Майор искал противоречия в показаниях, и они, конечно, случались. Остапенко путался. Валентино получался у него то высоким, то не очень, то брюнетом, то шатеном, то полным, то стройным. Самому Жаворонку все это начинало надоедать. Он щурился от табачного дыма.
– Ну так все же: что ты делал на корабле?
– Ничего...
– Хорошо. Допустим. Что с тобой делали на корабле?
– Уколы кололи...
– Какие?
– Откуда же мне знать...
– Больно было? – участливо спросил майор.
– В лагере больнее...
– Ну и дальше?
– Что дальше... плохо было... тошнило, рвало... поносило... сыпь была. Сознание потерял.
– Ладно. Мы сделаем тебе анализы и все проверим, – предупредил майор. – Еще что было?
– Еще в камеру водили...
– Что за камера?
– Не знаю... Там машины какие-то...
– Тоже было больно?
– Не, там не больно. Но потом все равно рвало. И волосы лезли...
Жаворонок задумался. Пока все совпадало с предположениями и прогнозами. Лучевая болезнь интересовала Лаврентия Павловича особенно.
– И ослабел, говоришь, сильно? – спросил он неожиданно.
– Да... ноги не ходят...
– Угу. А как же ты Месснера убил?
– Кого? – Остапенко наморщил лоб.
– Немца. С которого вы шмотки сняли.
Сережка разволновался.

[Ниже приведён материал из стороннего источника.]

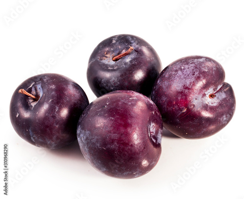 © Snowbelle, Obraz premium Red plums heap isolated on a white background.

Он почувствовал, что его поймали на явном несоответствии, хотя он рассказывал чистую правду.
– Я не знаю, как оно получилось, – произнес он с горячностью. – Мы же вдвоем... Это как сила какая-то прилетела откуда-то. Мы не думали, что получится. Я и помню-то слабо. Он такой гад был...
– Гад, – согласился Жаворонок. – И все же? Как?
– Отвернули балясину железную... там была такая над койкой...
– Чем отвернули? – иронически усмехнулся майор.
– Крестом.
– Каким еще крестом?
– Вот этим, – дрожащими руками Сережка полез за пазуху, вывалил на ладонь погнувшийся крестик.
Жаворонок покачал головой:
– Так ты, выходит, верующий?
Остапенко пожал плечами. Ему было трудно определить свое отношение к религии. Он знал только, что крест его спас.
– А ведь пионером был небось? – Майор прищурился еще сильнее.
– Был. У нас все были...
– Пионер, а крест носишь. Ну-ка, снимай и давай сюда.
– Нет!
Сережка выкрикнул это звонко, страшно.
Он накрепко зажал крестик в кулак и отпрянул. В глазах его Жаворонок прочел готовность убить и его, особиста, как гада-Месснера, если понадобится, если он только посмеет посягнуть на крест. Ему уже приходилось видеть подобный огонь в очах фанатиков-мракобесов, которых он сутками выдерживал без сна, в стоячем положении, и которым мочился в лицо и расплющивал суставы.
– Ну-ну, – майор покачал головой.
Сережку трясло.
Вдруг глаза его, извергнув последнее пламя, закатились, и он грохнулся в обморок.
Соломон Красавчик держался увереннее.
Это удивило майора Жаворонка: ведь парень, как-никак, совершил убийство, хотя бы и ненавистного фрица. Майор уже знал, что именно Соломон нанес основные удары, добившие Иоахима Месснера. Непонятно, как он вообще поднял тот здоровенный брус после такой жизни.